▸ WORK TO COMPLETE: When you write out the listing below, keep each word exactly as it stands and drop the pictures.

▸ INFORMATION PROVIDED:
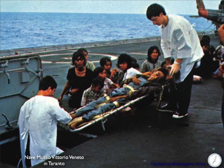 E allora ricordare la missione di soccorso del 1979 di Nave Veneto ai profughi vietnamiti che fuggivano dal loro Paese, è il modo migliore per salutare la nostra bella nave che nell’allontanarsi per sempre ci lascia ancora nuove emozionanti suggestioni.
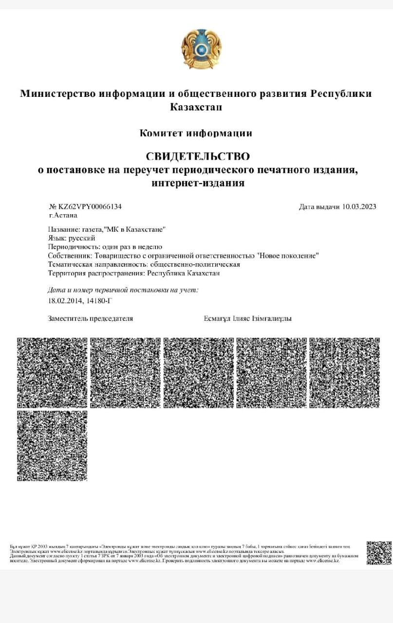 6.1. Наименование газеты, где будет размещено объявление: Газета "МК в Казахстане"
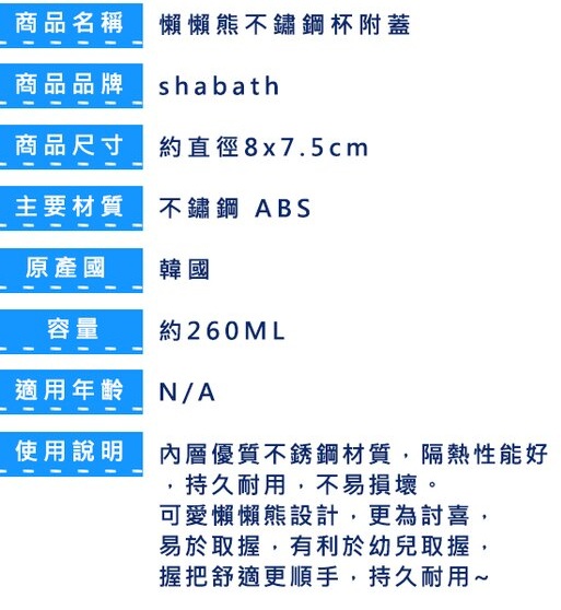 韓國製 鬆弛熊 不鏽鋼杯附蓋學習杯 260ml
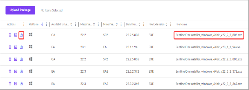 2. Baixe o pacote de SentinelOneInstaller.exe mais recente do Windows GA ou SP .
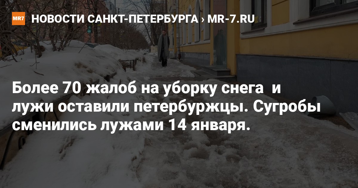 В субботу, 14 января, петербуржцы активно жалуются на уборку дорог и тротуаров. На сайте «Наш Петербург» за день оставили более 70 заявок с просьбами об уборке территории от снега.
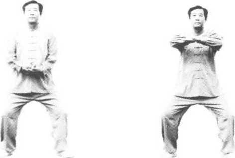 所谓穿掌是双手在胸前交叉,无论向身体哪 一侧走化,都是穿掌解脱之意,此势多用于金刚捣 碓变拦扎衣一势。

▸ EXERCISE RESULT:
 E allora ricordare la missione di soccorso del 1979 di Nave Veneto ai profughi vietnamiti che fuggivano dal loro Paese, è il modo migliore per salutare la nostra bella nave che nell’allontanarsi per sempre ci lascia ancora nuove emozionanti suggestioni.
 6.1. Наименование газеты, где будет размещено объявление: Газета "МК в Казахстане"
 韓國製 鬆弛熊 不鏽鋼杯附蓋學習杯 260ml
 2. Baixe o pacote de SentinelOneInstaller.exe mais recente do Windows GA ou SP .
 В субботу, 14 января, петербуржцы активно жалуются на уборку дорог и тротуаров. На сайте «Наш Петербург» за день оставили более 70 заявок с просьбами об уборке территории от снега.
 所谓穿掌是双手在胸前交叉,无论向身体哪 一侧走化,都是穿掌解脱之意,此势多用于金刚捣 碓变拦扎衣一势。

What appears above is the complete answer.